Poster Abstracts

Name/Affiliation:  Angelle Tanner (Mississippi State University)

Title:  An Open Catalog of Nearby Stars

Abstract:
Ironically, while astronomers are quite good at collecting multiple data points about any given star - temperature, composition, size, rotational velocity, mass, distance, etc. - we are still bad at organizing all that data into one cohesive, user-friendly archive. There are on-line stellar catalogs like SIMBAD, however, this archive suffers from inaccuracies (Stauffer et al. 2010) and lacks critical information relevant to exoplanet searches like rotational velocity, composition and multiplicity. The NASA Star and Exoplanet Database, was shuttered due to funding issues, was not user-friendly (there was no batch mode) and was slow to ingest public data due to strict formatting requirements. I propose to develop a group edited on-line archive of the physical and observational properties of all stars within 100 light years. The archive will allow you to download all the data for a list of stars (batch mode) and for stars of a given property (rank mode). The archive will utilize existing plotting tools. Most importantly, the archive will follow the model of the Kepler Community Follow Up Program and the Open Exoplanet Catalogue and allow users to contribute ancillary data, images and spectra themselves!
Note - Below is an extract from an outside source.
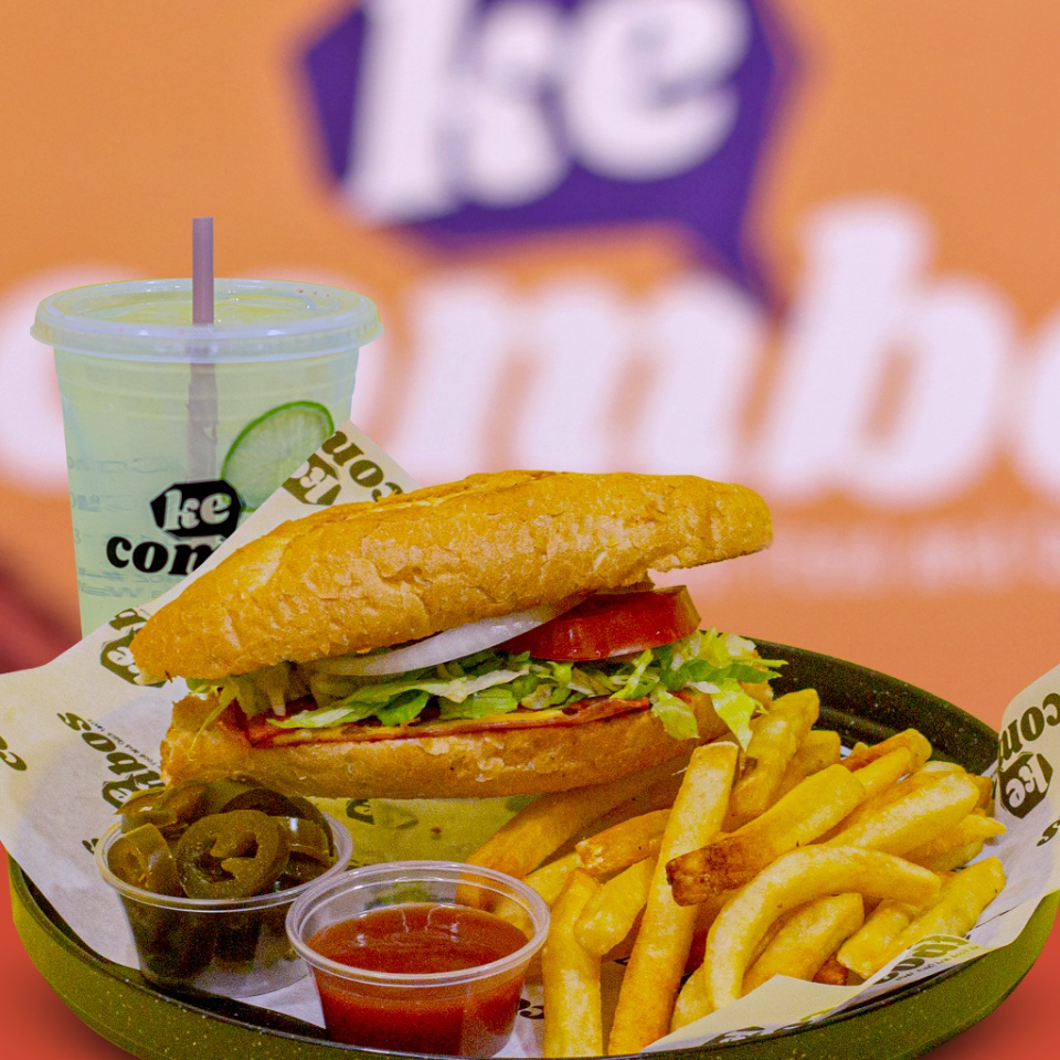 Torta de jamón lechuga, jitomate, cebolla, mostaza, aguacate, 150grs de papas a la francesa bebida 1/2 litro
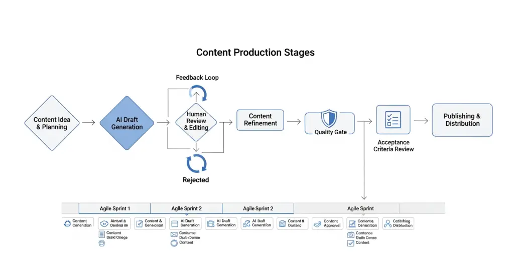 Olha, a integração bem-sucedida de conteúdo humano e de IA significa tratar o controle de qualidade como o desenvolvimento ágil de produtos. Você precisa de critérios de aceitação definidos e ciclos de feedback que realmente funcionem. Isso não é apenas teoria – é como as equipes de conteúdo de alto desempenho publicam consistentemente em escala sem sacrificar os padrões.

The archive team will populate the majority of the initial data from SIMBAD, NStED and large published surveys like RECONS but then we will encourage authors to contribute to the archive under the supervision of the archive team. Like the Kepler CFOP, all data will be included in the archive with the most agreed on values flagged by the community. It is this community policing and data entry aspect that will be key in giving us an unprecedented picture of the stars in our stellar neighborhood as well as critical a tool for all future exoplanet searches.